The spike protein (S) of SARS coronavirus (SARS-CoV) attaches the virus to its cellular receptor, angiotensin-converting enzyme 2 (ACE2). A defined receptor-binding domain (RBD) on S mediates this interaction. The crystal structure at 2.9 angstrom resolution of the RBD bound with the peptidase domain of human ACE2 shows that the RBD presents a gently concave surface, which cradles the N-terminal lobe of the peptidase. The atomic details at the interface between the two proteins clarify the importance of residue changes that facilitate efficient cross-species infection and human-to-human transmission. The structure of the RBD suggests ways to make truncated disulfide-stabilized RBD variants for use in the design of coronavirus vaccines.

The SARS coronavirus (SARS-CoV) is the agent of severe acute respiratory syndrome, which emerged as a serious epidemic in 2002 to 2003, with over 8,000 infected cases and a fatality rate of ∼10% (1-4).

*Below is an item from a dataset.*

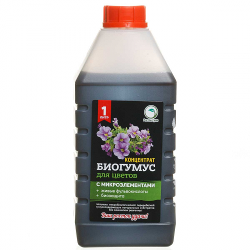 Биогумус для Для комнатных и уличных цветов - это уникальный, не имеющий аналогов природный комплекс БИОГУМУС + ЖИВЫЕ ФУЛЬВОКИСЛОТЫ + МИКРОЭЛЕМЕНТЫ с функциями биоудобрения, биостимулятора и биофунгицида. Живые фульвокислоты Бурый уголь и сапропель в виде смеси перерабатываются специально подобранными полезными почвенными микроорганизмами без химических реагентов (уникальная запатентованная российская технология) На 100% органический препарат. Усилены антистрессовые и иммуностимулирующие свойства. Повышенное содержание К (до 9,4%) и Mg (до 1,4%) Компоненты даются в определенной оптимальной пропорции, благодаря чему его можно использовать для предпосадочного биопротравливания семян и луковиц и корневой системы рассады, а также для борьбы с болезнями растений и повышения их иммунитета и стрессоустойчивости. Применение биогумуса в виде биопротравливания, полива и опрыскивания усиливает энергию и скорость прорастания семян и луковиц, выживаемость рассады, рост и развитие корневой системы и надземной части растений,а также вызывает обильное и длительное цветение Рекомендуется комплексное использование препарата - семена при проращивании замочить в рабочем растворе биогумуса (1 : 100), не более чем на 24 часа - клубни и луковицы замачивать в рабочем растворе биогумуса (1 : 100), не более 10 - 12 часов, перед высадкой в грунт - за 3 - 5 дней до высева семян / высадки клубней и луковиц - пролить подготовленный грунт рабочим раствором биогумуса (1 : 100) - в фазе двух настоящих листочков начинать поверхностные поливы почвы - один раз в 7 - 10 дней - рабочим раствором биогумуса (1 : 100) - 2 - 3 раза за время выращивания рассады рекомендуется проводить опрыскивание растений рабочим раствором биогумуса (1 : 50) - до цветения - после поверхностного полива почвы рабочим раствором биогумуса рекомендуется пролить почву водой - в бутылке при хранении допускается небольшой осадок - перед применением бутылку с биогумусом - взболтать - идеально подходит для органического земледелия

Coronaviruses, which are large, enveloped, positive-strand RNA viruses, infect a variety of mammalian and avian species and can cause upper respiratory, gastrointestinal, and central nervous system diseases (5). The large spike protein (S) on the virion surface mediates both cell attachment and membrane fusion (5). In the case of several avian and mammalian coronaviruses, S is cleaved by furin or a related protease into S1 and S2; the former bears the receptor attachment site; the latter, the fusion activity. The structures of refolded heptad-repeat fragments of S2 from the mouse hepatitis coronavirus (MHV) and from SARS-CoV (6-8) confirm earlier predictions (4) that the postfusion conformation has the trimer-of-hairpins organization characteristic of “class 1” fusion proteins, such as those of HIV, influenza virus, and Ebola virus (9). S on mature SARS-CoV virions does not appear to be cleaved, and the sequence that aligns with the MHV cleavage site lacks the essential residues for furin susceptibility (3, 4, 10, 11). We therefore refer to the S1 and S2 “regions” (12), which contain 666 and 583 amino acid residues, respectively (Fig. 1A).

Fig. 1.

The SARS-CoV spike protein RBD. (A) Domain structure of the SARS-CoV spike protein. The boundaries of the RBD were determined by protease digestion followed by N-terminal sequencing and mass spectrometric analysis of the digestion products (33). The RBM was identified from the crystal structure of RBD in complex with the human receptor. The fusion peptide (FP) and the two heptad repeat regions (HR-N and HR-C) of S2 have been identified by studies using synthetic peptides (34, 35). The transmembrane anchor and intracellular tail have assigned from sequence characteristics. (B) Crystal structure of the RBD (core structure in cyan and RBM in red) in complex of the human receptor ACE2 (green). (C) Detail of the binding interface, with side chains of three residues (Leu472, Asn479, and Thr487 from left to right) critical for cross-species and human-to-human transmission of SARS-CoV. (D) Sequence and secondary structures of the RBD. Helices are drawn as cylinders, and strands are drawn as arrows. The RBM is in red; the remainder of the RBD is in cyan. Disordered regions are shown as dashed lines (36).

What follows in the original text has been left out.